__Excerpted records__
:::

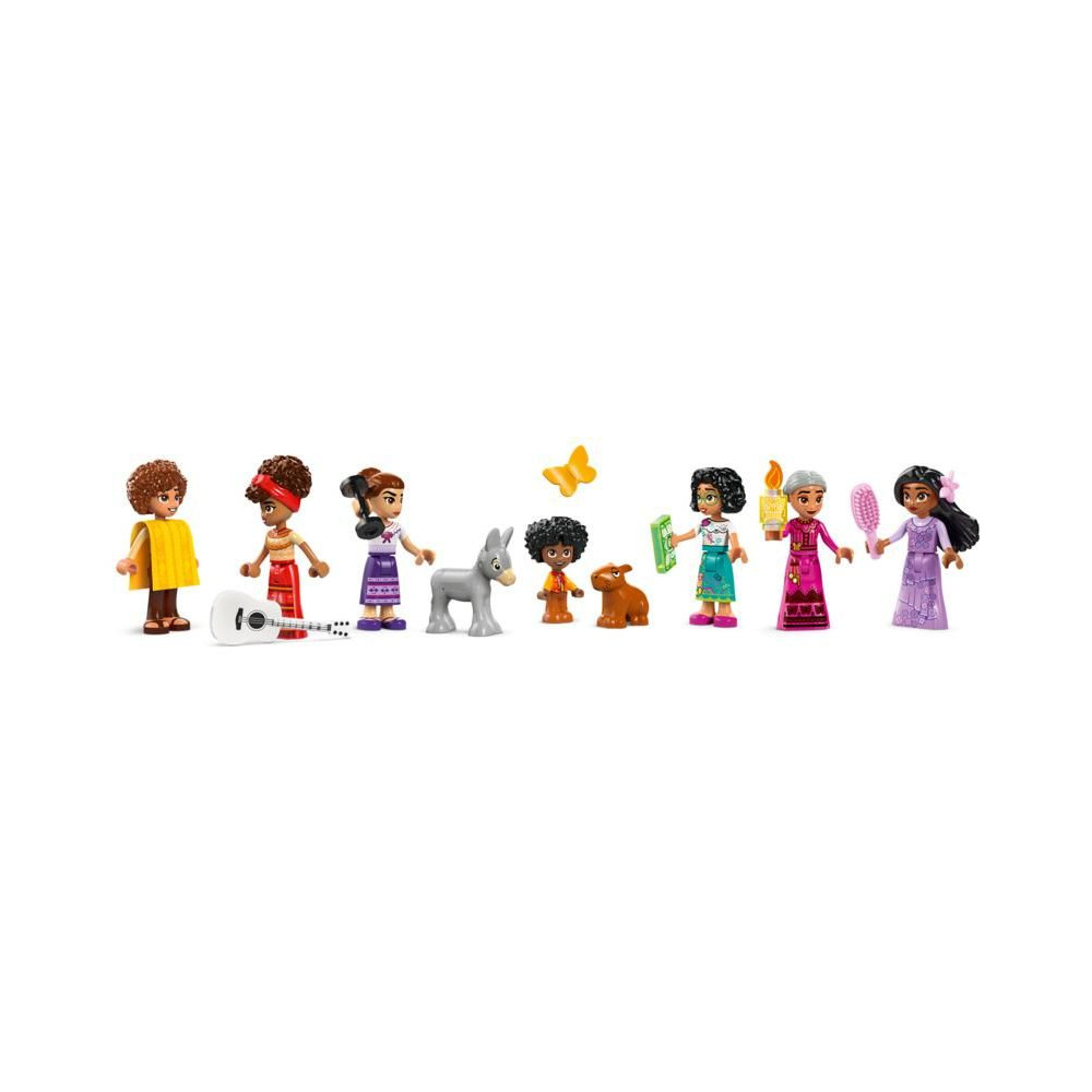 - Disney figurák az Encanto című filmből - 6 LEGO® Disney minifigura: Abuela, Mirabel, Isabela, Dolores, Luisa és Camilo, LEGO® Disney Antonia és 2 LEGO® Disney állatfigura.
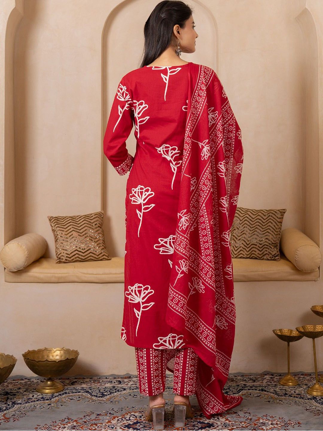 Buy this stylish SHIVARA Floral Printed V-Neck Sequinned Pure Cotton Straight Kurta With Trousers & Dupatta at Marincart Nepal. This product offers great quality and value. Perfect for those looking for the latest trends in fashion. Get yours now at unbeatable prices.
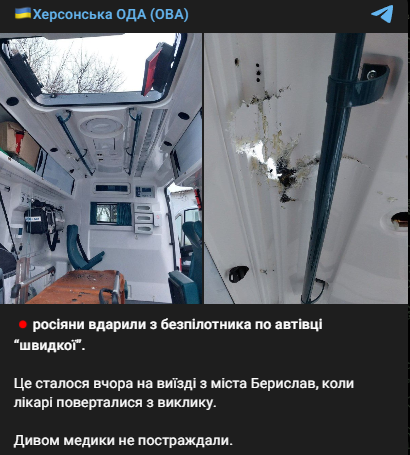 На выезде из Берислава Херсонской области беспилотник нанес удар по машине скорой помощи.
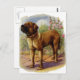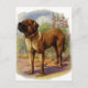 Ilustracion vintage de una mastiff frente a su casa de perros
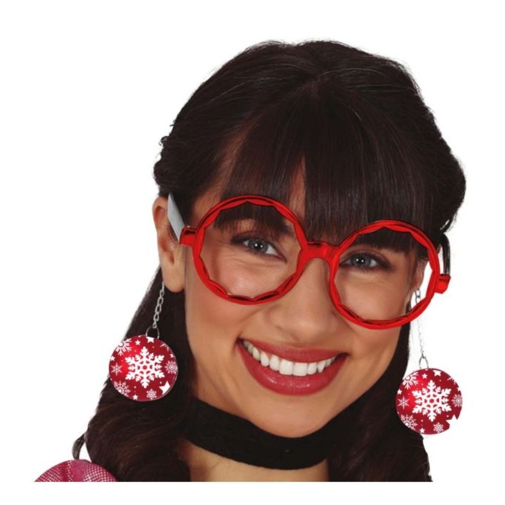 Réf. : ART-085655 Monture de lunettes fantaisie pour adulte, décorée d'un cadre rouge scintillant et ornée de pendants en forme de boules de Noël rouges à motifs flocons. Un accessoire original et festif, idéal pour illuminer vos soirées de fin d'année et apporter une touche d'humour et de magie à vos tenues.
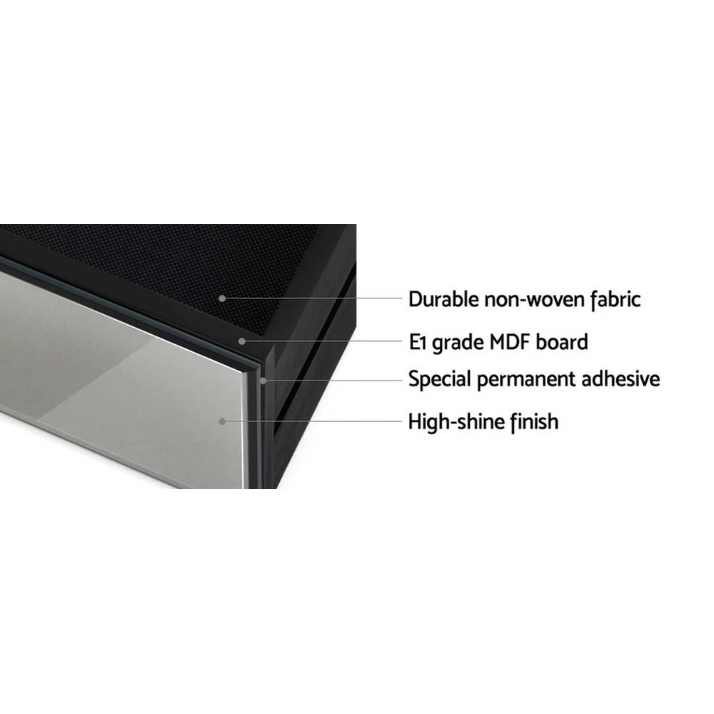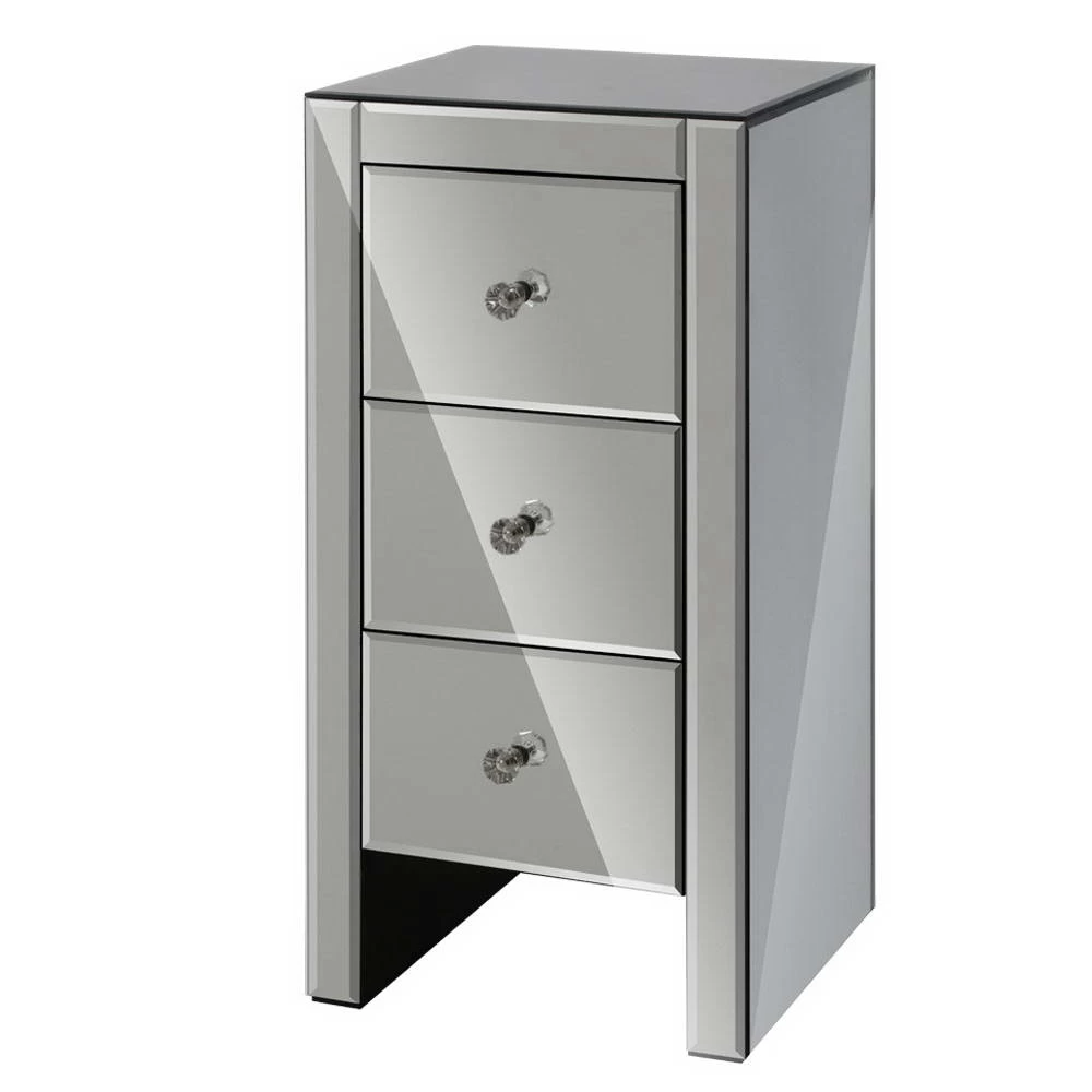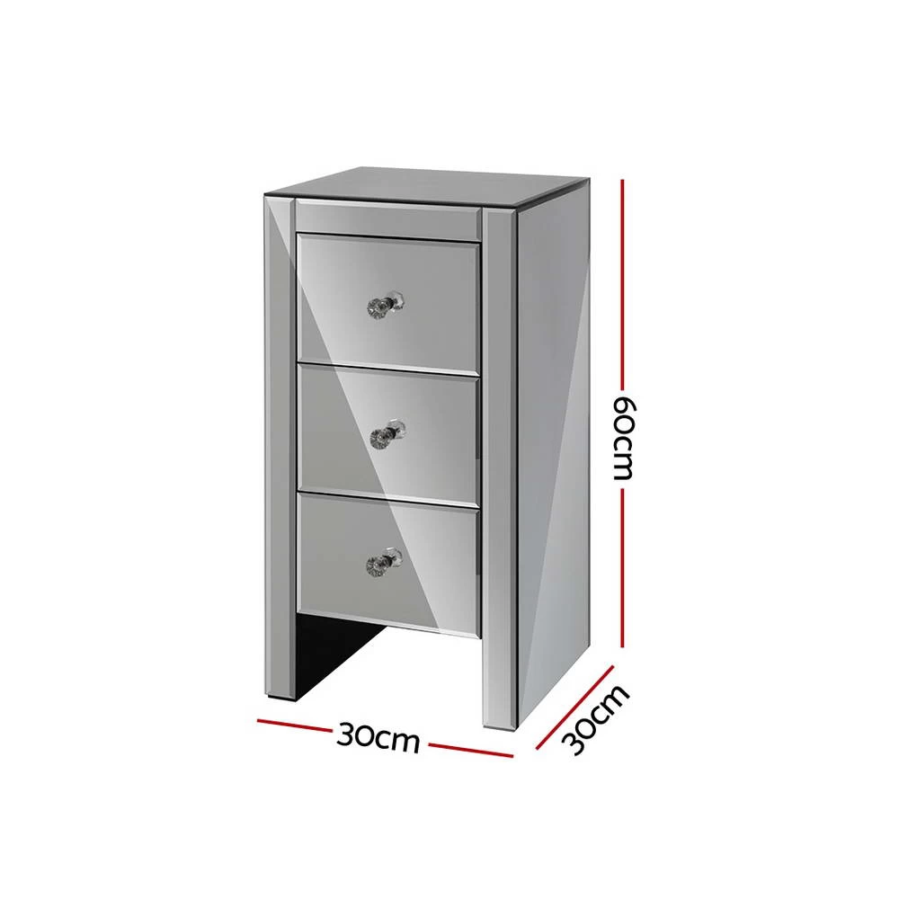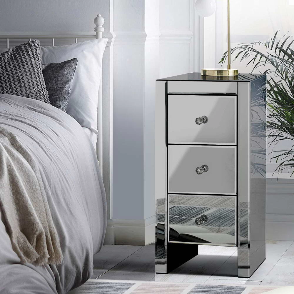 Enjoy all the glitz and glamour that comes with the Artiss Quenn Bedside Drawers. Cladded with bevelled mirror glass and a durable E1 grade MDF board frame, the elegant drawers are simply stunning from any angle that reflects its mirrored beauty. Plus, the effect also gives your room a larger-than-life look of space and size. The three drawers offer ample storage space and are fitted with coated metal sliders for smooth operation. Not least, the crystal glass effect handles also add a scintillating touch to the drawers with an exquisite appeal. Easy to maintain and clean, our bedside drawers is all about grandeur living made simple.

:::

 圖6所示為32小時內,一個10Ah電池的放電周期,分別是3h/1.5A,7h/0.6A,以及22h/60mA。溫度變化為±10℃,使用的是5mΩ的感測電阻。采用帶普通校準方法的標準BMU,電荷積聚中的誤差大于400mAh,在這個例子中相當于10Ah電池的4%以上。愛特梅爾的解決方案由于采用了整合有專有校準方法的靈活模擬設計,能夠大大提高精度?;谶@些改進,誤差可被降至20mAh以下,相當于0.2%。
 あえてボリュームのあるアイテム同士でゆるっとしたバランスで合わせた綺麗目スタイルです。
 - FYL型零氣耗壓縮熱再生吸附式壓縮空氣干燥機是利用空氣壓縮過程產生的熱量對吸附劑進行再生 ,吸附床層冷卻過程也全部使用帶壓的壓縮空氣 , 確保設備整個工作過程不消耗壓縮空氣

:::

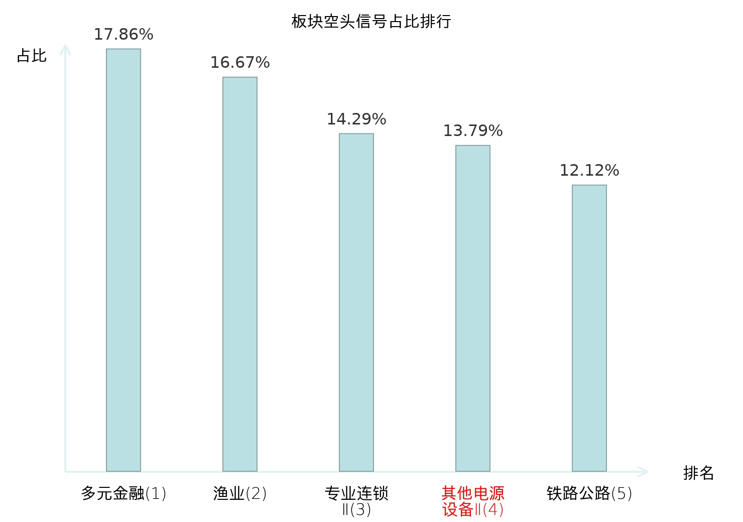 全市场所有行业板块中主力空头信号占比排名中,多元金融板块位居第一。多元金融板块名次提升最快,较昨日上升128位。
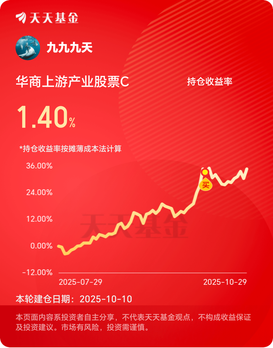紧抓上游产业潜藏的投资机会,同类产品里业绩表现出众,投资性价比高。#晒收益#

:::

__Problem to solve__
Produce an exact reproduction of the listing above, limited to the lines starting at the line with "Ilustracion vintage de" and ending at the line with "Réf. : ART-085655", both kept, with every picture left out.

__Task result__
 Ilustracion vintage de una mastiff frente a su casa de perros
 Réf. : ART-085655 Monture de lunettes fantaisie pour adulte, décorée d'un cadre rouge scintillant et ornée de pendants en forme de boules de Noël rouges à motifs flocons. Un accessoire original et festif, idéal pour illuminer vos soirées de fin d'année et apporter une touche d'humour et de magie à vos tenues.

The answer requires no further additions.